▶ To do:
Starting with the line containing "Hier finden Sie" and going on through the line containing "Frisbee fun at", return the lines of the data below exactly, and only those.

▶ Input records:

+-------+

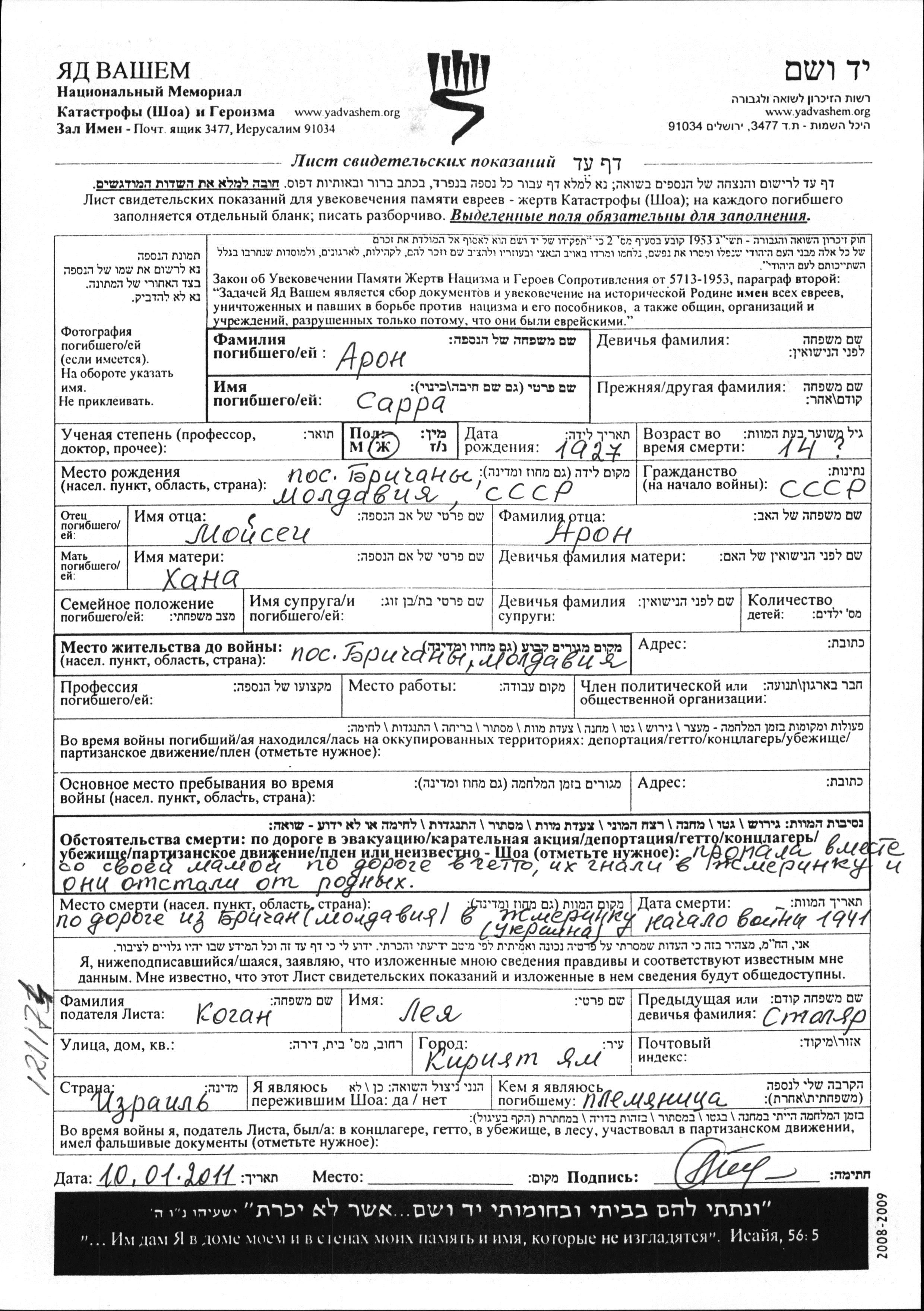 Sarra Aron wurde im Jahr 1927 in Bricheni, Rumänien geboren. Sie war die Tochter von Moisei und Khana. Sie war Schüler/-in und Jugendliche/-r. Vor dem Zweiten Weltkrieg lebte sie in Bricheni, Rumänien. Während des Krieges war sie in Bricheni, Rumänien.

+-------+

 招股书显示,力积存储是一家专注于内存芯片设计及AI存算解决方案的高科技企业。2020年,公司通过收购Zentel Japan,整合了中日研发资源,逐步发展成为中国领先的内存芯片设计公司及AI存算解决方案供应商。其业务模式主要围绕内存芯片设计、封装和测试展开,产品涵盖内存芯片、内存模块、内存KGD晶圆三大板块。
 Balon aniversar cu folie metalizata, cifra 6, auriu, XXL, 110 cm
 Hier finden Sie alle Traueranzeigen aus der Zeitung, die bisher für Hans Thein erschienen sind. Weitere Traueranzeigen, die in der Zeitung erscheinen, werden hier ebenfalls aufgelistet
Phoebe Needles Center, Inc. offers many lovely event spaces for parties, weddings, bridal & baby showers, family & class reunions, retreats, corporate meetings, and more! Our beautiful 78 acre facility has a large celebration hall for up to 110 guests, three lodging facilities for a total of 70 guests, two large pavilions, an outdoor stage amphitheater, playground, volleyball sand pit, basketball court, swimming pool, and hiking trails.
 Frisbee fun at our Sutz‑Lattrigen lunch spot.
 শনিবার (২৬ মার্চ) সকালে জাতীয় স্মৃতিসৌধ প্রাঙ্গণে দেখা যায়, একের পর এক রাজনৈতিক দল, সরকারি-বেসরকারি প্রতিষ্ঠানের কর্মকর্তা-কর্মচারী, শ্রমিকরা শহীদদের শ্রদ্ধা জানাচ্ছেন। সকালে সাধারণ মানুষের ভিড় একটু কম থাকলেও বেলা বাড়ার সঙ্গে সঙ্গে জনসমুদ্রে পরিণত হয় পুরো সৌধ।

+-------+

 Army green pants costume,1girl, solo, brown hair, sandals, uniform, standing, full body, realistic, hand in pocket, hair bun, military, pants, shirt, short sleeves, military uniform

+-------+

▶ Reply to the task:
 Hier finden Sie alle Traueranzeigen aus der Zeitung, die bisher für Hans Thein erschienen sind. Weitere Traueranzeigen, die in der Zeitung erscheinen, werden hier ebenfalls aufgelistet
Phoebe Needles Center, Inc. offers many lovely event spaces for parties, weddings, bridal & baby showers, family & class reunions, retreats, corporate meetings, and more! Our beautiful 78 acre facility has a large celebration hall for up to 110 guests, three lodging facilities for a total of 70 guests, two large pavilions, an outdoor stage amphitheater, playground, volleyball sand pit, basketball court, swimming pool, and hiking trails.
 Frisbee fun at our Sutz‑Lattrigen lunch spot.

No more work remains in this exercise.